Indian ministers will consider on Tuesday whether to raise import taxes on edible oils and allow exports as a slide in global prices threatens local producers, a leading trade official said.
The government in April scrapped a 20 percent import tax on crude edible oils and cut the levy on refined oils to 7.5 percent from 20.75 percent to combat rising prices.
Agriculture Minister Sharad Pawar said last month the government might tax crude vegetable oil imports and lift a ban on overseas sales.

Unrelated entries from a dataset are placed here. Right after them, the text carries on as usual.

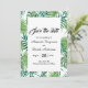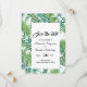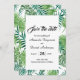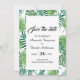 Una elegante vegetación tropical llena de flores permite guardar la fecha para una tarjeta boda. Plantillas para nombres y fecha de boda. Un elegante fondo blanco, letras negras. Hojas de palmera verde acuático y follaje como marco. Atrás: el mismo fondo que el marco de la parte delantera.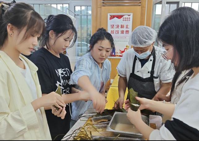 同学们和食堂工作者一起其乐融融地制作传统美食,不仅得到了美味,更收获了浓厚的师生情谊。随着最后一批饺子热腾腾地出锅,我们的端午节活动也正式画上了圆满的句号。在这场欢乐的盛宴中,我们一同度过了许多难忘的时光,留下了许多有趣的瞬间。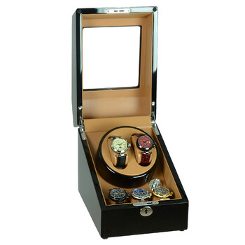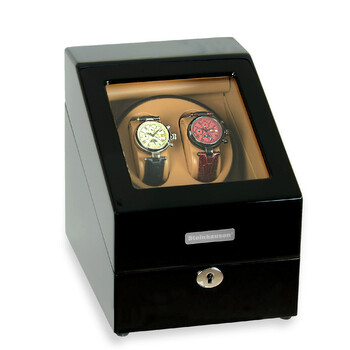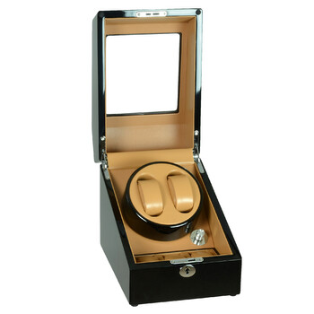 Steinhausen Heritage Onyx double watch winder storage for up to three watches. Features ultra quiet motor and multiple modes. Made from 100% wood with a piano grade varnish and a highgloss wood finish. Onyx color. Interior features cream colored leatherette. Includes cleaning cloth and adaptor. Dimensions: 8.0 In. X 8.0 In. X 8.0 In.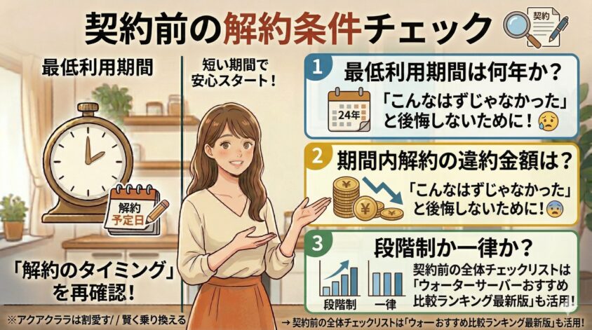 → 契約前のチェックリスト全体は「ウォーターサーバーおすすめ比較ランキング最新版」の最終チェックリストも活用してください。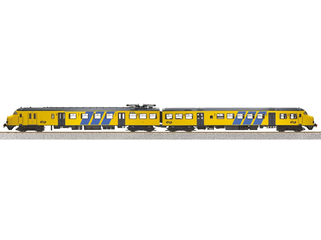 Vorbild: Der zweiteilige niederlĂ€ndische Elektrotriebzug Plan V – in den Niederlanden besser bekannt als Mat ’64 oder unter dem Spitznamen Apekop (Affenkopf) – wurde ab Mitte der 1960er-Jahre einer der Standard-NahverkehrszĂŒge der NiederlĂ€ndischen Staatsbahn. Mit insgesamt 246 Exemplaren war er damals der meist gebaute Triebzug der NS. Ab der Serie V3 setzte sich auch beim Plan V das neue Farbschema der NiederlĂ€ndischen Staatsbahn durch: knallgelb mit grauen Details an der Front und drei blauen, diagonal verlaufenden Streifen an jeder Wagenseite. Bis zu ihrer Ausmusterung waren die TriebzĂŒge auf so gut wie allen elektrifizierten Bahnstrecken der Niederlande eingesetzt.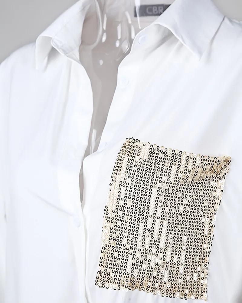 Женская рубашка с блестками и длинным рукавом + блестящие брюки, мо...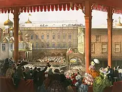 Following his entry into the city the new Tsar and his entourage took time to rest and prepare for the following day's ceremony, while heralds in medieval clothing read out special proclamations to "the good people of Our first capital".[19] Receptions were held for foreign diplomats, the Banner of State was consecrated, and the imperial regalia were brought from the Kremlin Armoury to the throne hall for the procession to the cathedral.[24] In conjunction with the Tsar's entry into Moscow, fines were remitted, prisoners pardoned, and a three-day holiday was proclaimed.[25]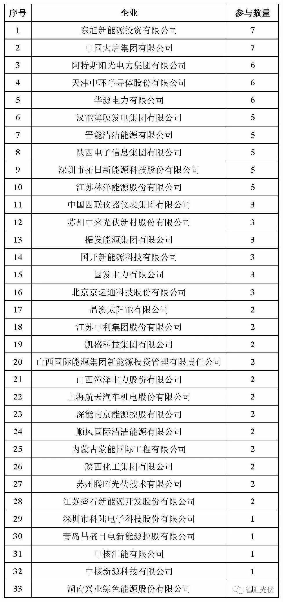一共7家企業(yè)參與了30個(gè)以上項(xiàng)目的投標(biāo)工作。其中,國電投、中廣核參與了全部項(xiàng)目的投標(biāo);除了陽光電源、協(xié)鑫之外,其他5家均為央企、國企背景。由于此次投標(biāo)、中標(biāo)后要繳納3000萬元/100MW的保證金,如果中標(biāo)項(xiàng)目過多,一般企業(yè)保證金都交不起。

"We all are looking forward to tomorrow's meeting, which is expected to take up long-pending issues like higher duties on vegetable oil imports and allowing exports," said B.V. Mehta, chief of the Solvent Extractors' Association of India (SEA).
India, the world's biggest vegetable oil importer after China, buys almost half of its annual edible oil requirement of around 11 million tonnes -- mainly palm oil from Malaysia and Indonesia, and soyoil from Brazil and Argentina.
Stung by a sharp fall in global prices, some Indian traders have defaulted on import contracts.
The defaults have hurt the world's top suppliers such as Malaysia and Indonesia, already reeling under a high production cycle. Record soybean harvests in China and India, top consumers, have added to the bad news.
As global financial markets regained, the benchmark January palm contract KPOF9 on Bursa Malaysia's Derivatives Exchange on Monday jumped as much as 10 percent to 1,666 ringgit ($473.6), a level unseen since Oct. 21.
Prices are still well below the record of 4,486 ringgit in March.
Government and trade sources, who did not wish to be identified, added ministers were also likely to take a view on scrapping an export tax of 8,000 rupees ($164.2) per tonne on basmati rice.
The government banned exports of non-basmati rice in April and slapped a tax on overseas sales of premium basmati grades to help check rising prices at home. ($1=48.73 rupee) (Reporting by Mayank Bhardwaj, Editing by Mark Williams)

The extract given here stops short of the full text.